You can put 5 #10(rw90) into a 1/2" so you should have no problem with your pipe size.

If you want to run a ground then you would need a #12, I personally would not run a seperate ground in the pipe.

rrolleston 01-19-2013 03:34 PM

You can and it will work fine. I just like to keep my circuits separate.

darren 01-19-2013 07:01 PM

Quote:

Originally Posted by rrolleston (Post 1097271)
You can and it will work fine. I just like to keep my circuits separate.

Wow if I did that my boss would hang me out to dry.

turbota79 03-20-2013 10:08 PM

Update - I had my electrical work inspected and it passed. Here what's was done (thanks for all the input from this forum):
-from my main panel, a romex wire 6# to a terminal block (inside a box) to 4 individual 6# wires (red, black, white and green) that goes into a 1" conduit to the sub panel. One of the terminal block was made specially for ground. I found out you could run the romex wire inside the conduit but you had to "derate" it, true or not true? I simply decided to play it safe.
-220V 30amp, I ran 4 wires 10# (red, black, white and green). I decided to run the neutral for future use (industrial equipment lathe/milling machine if they would've a 110V component)
-110V 20amp, I ran 2 wires 12# (black and white). For the ground wire I used the same one as the 220 circuit. Some said you don't need a ground since it's in a conduit, here again I decided to play it safe. It was difficult to curl 10# ground wires around the terminal though.


I ran both circuits wires in the same conduit. I split the 110V to have more outlets on the other walls which was no problem. The inspection took almost 20 mins, the inspector verified all the plugs, sub panel etc.

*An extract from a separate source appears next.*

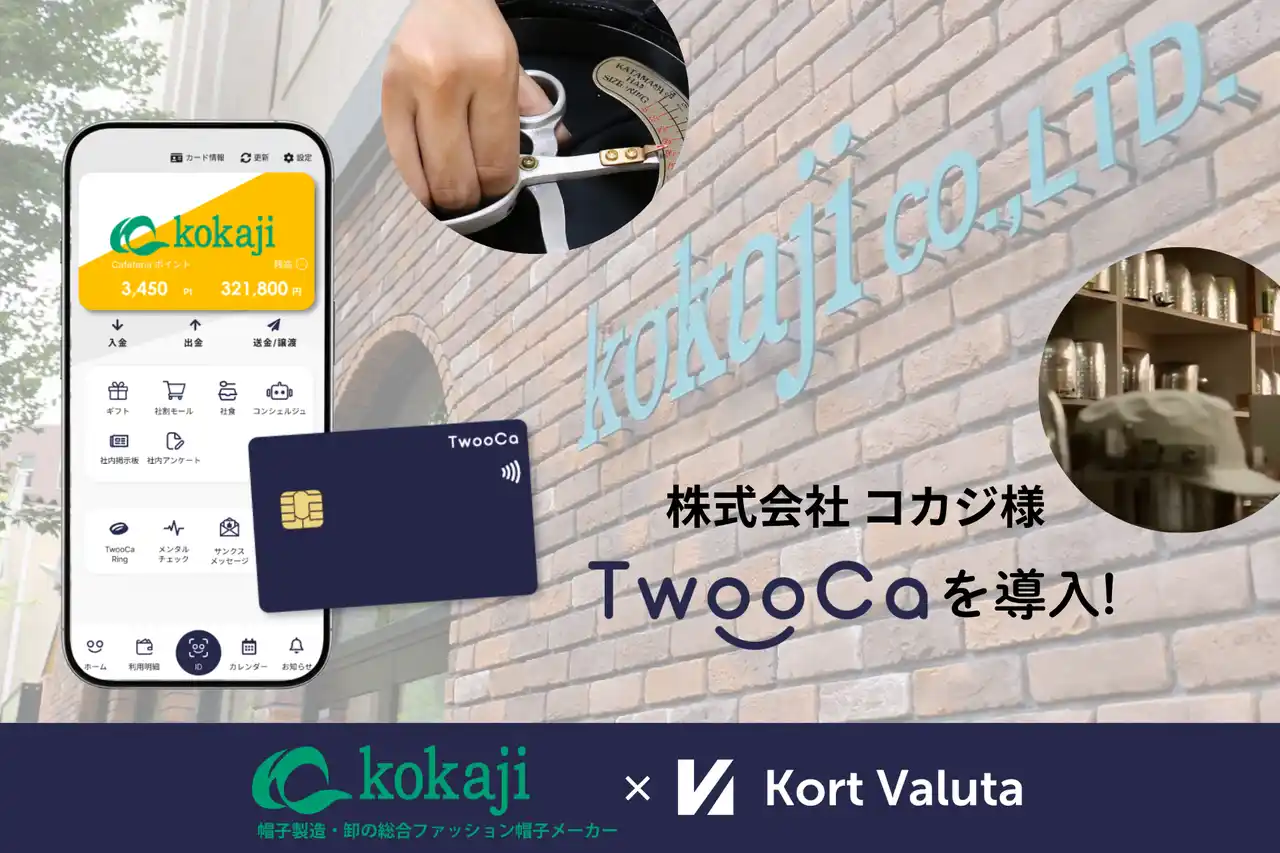 株式会社Kort Valuta(本社:東京都渋谷区、代表取締役:柴田秀樹、以下「当社」)は、株式会社コカジ(本社:大阪府箕面市、代表取締役社長:古鍛治豊道、以下「コカジ」)が、従業員向け福利厚生の利便性向上および業務効率化を目的として、次世代型ウォレット「TwooCa(ツウカ)」*1を導入したことをお知らせいたします。 |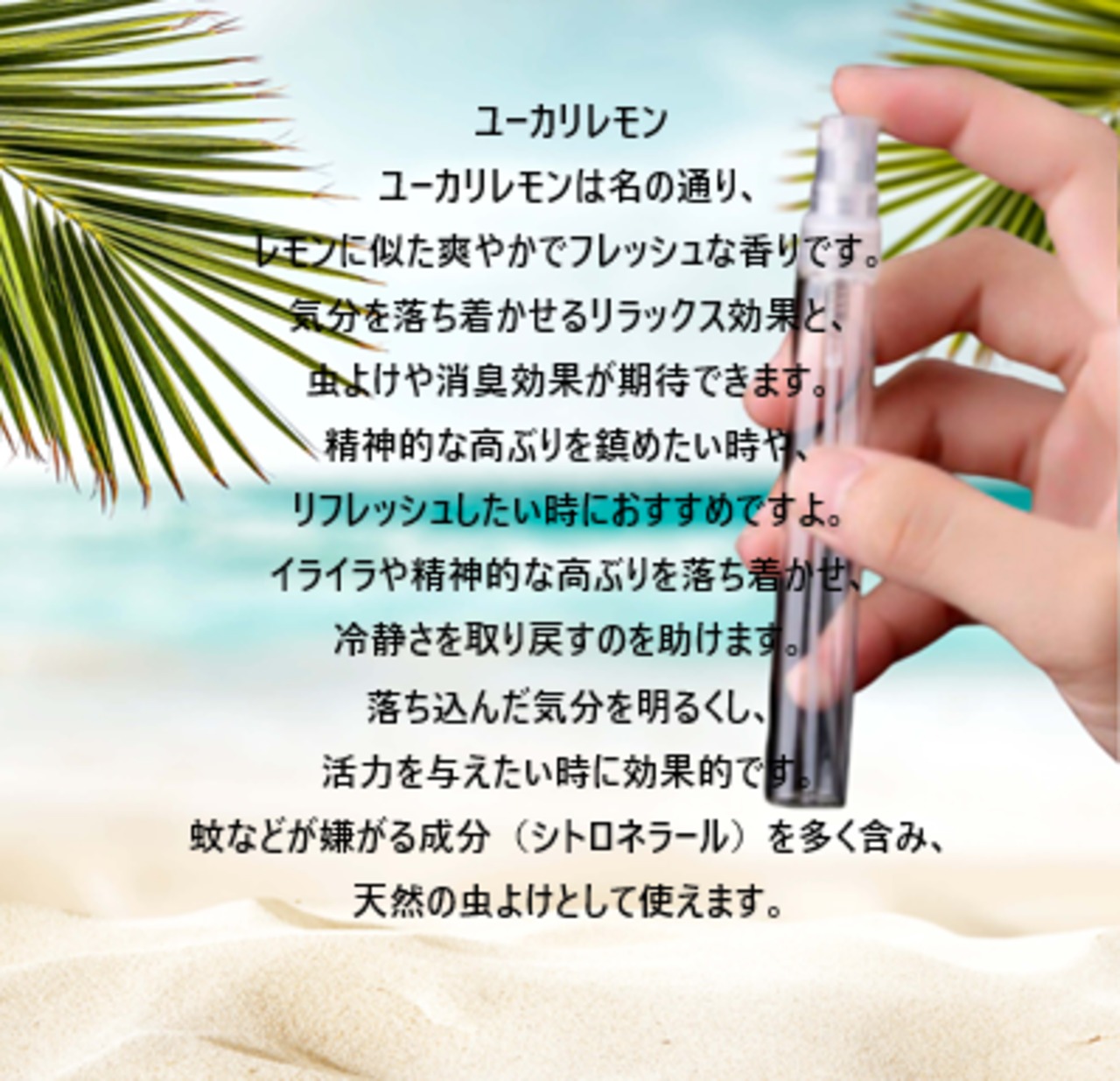ユーカリレモンは名の通り、レモンに似た爽やかでフレッシュな香りです。

He asked where I worked because the conduit installation was well done he said, I told him I did my research on youtube and the internet.


The total cost of my sub panel project ~700$ (permits, panel, breakers, conduit, wires, tools, outlets etc...)


So again thanks for all the info everyone and if anyone has any questions on my set up (I will try to post some pics).